··· Recorded information ···

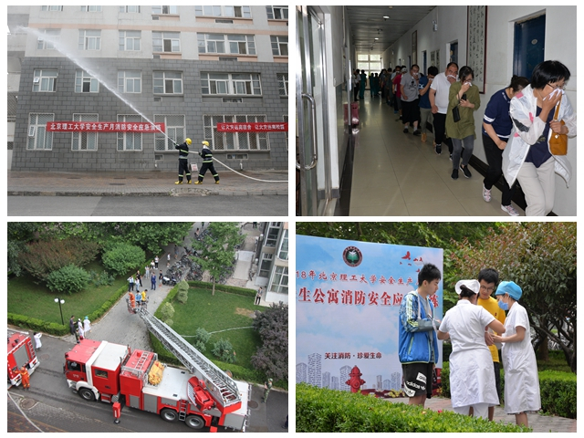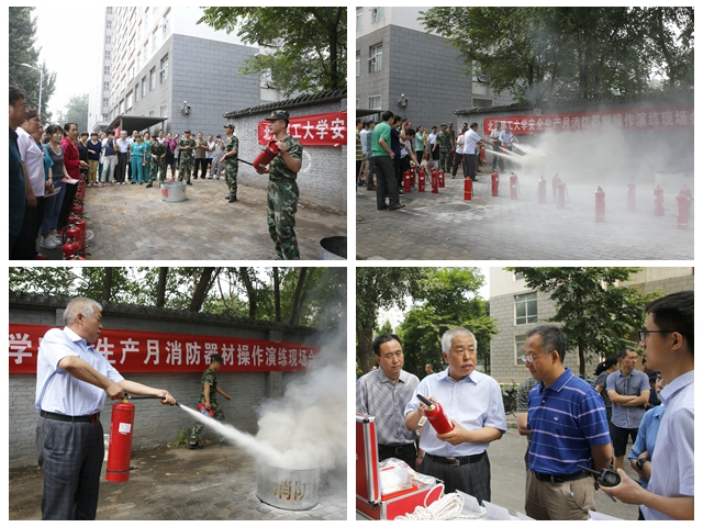 6月13日上午,按照《金年会jinnianhuicom2018年“安全生产月”活动方案》的安排,为进一步做好学校消防安全工作,提升扑救初期火灾和应急疏散处置能力,学校联合双榆树消防中队,针对硕博小区消防重点部位开展高层宿舍逃生灭火演习,副校长李和章出席演习活动。学校党委宣传部、保卫处、学生工作处、国有资产管理处、居民管理委员会、校医院、后勤集团、资产经营公司等单位负责同志,以及学生代表、学生公寓管理员、物业管理员、家属区管理员、幼教中心教师、食堂工作人员等百余人参加。
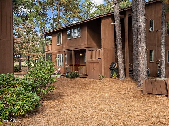 Nestled within the beauty and peace of Southern Pines, this ground floor, 2 bedroom, 2 full bath home awaits you! Enjoy amazing golf views of 18th fairway and peek at 10th tee from both the private screened porch, and the primary bedroom! Offering a nice size laundry room, plethora of indoor closet space and even outside private doored storage! LVP flooring throughout! There are even Bluetooth speaker exhaust fan/lights in both bathrooms! Cozy and quiet, the perfect neighborhood to call home! Inviting opportunity for a first-time homeowner, or a second home escape! Located conveniently off of Route 1, half hour commute to Fort Liberty and Sanford, hour drive to Raleigh and minutes to Pinehurst and Aberdeen! Seller is offering a $3000 credit towards new appliances, with an acceptable offer!!!
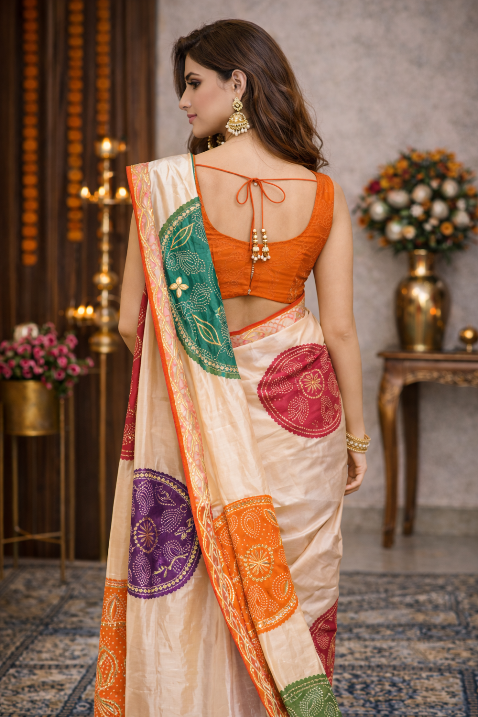 - Crafted in premium Gajji silk, this saree features vibrant bandhani-inspired circular motifs that celebrate rich Indian craftsmanship.
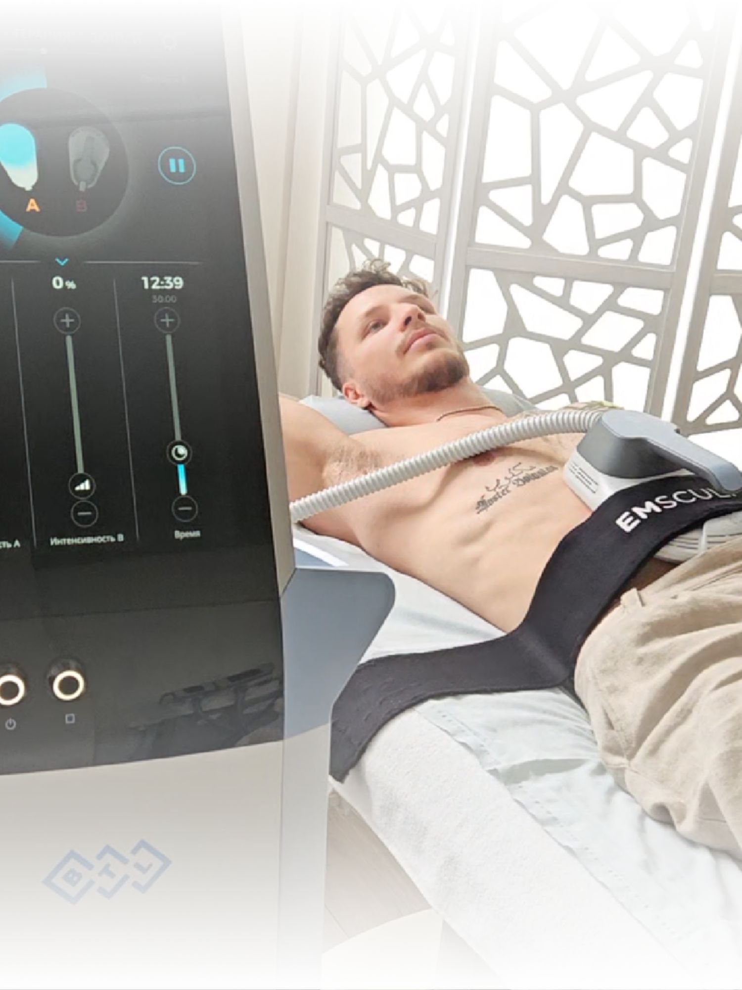 Die EMSCULPT BODYFORMING - Technologie nutzt hochintensive elektromagnetische Impulse, die gezielt in die Muskulatur wirken. Dadurch werden supramaximale Kontraktionen ausgelöst, die mit normalem Training nicht erreichbar sind und so einen effektiven Muskelaufbau ermöglichen.

···

What you will do =>
Extract, word for word, each line from the one that contains "- Crafted in" through the final line of the data above. Leave the pictures out.

The completed task =>
 - Crafted in premium Gajji silk, this saree features vibrant bandhani-inspired circular motifs that celebrate rich Indian craftsmanship.
 Die EMSCULPT BODYFORMING - Technologie nutzt hochintensive elektromagnetische Impulse, die gezielt in die Muskulatur wirken. Dadurch werden supramaximale Kontraktionen ausgelöst, die mit normalem Training nicht erreichbar sind und so einen effektiven Muskelaufbau ermöglichen.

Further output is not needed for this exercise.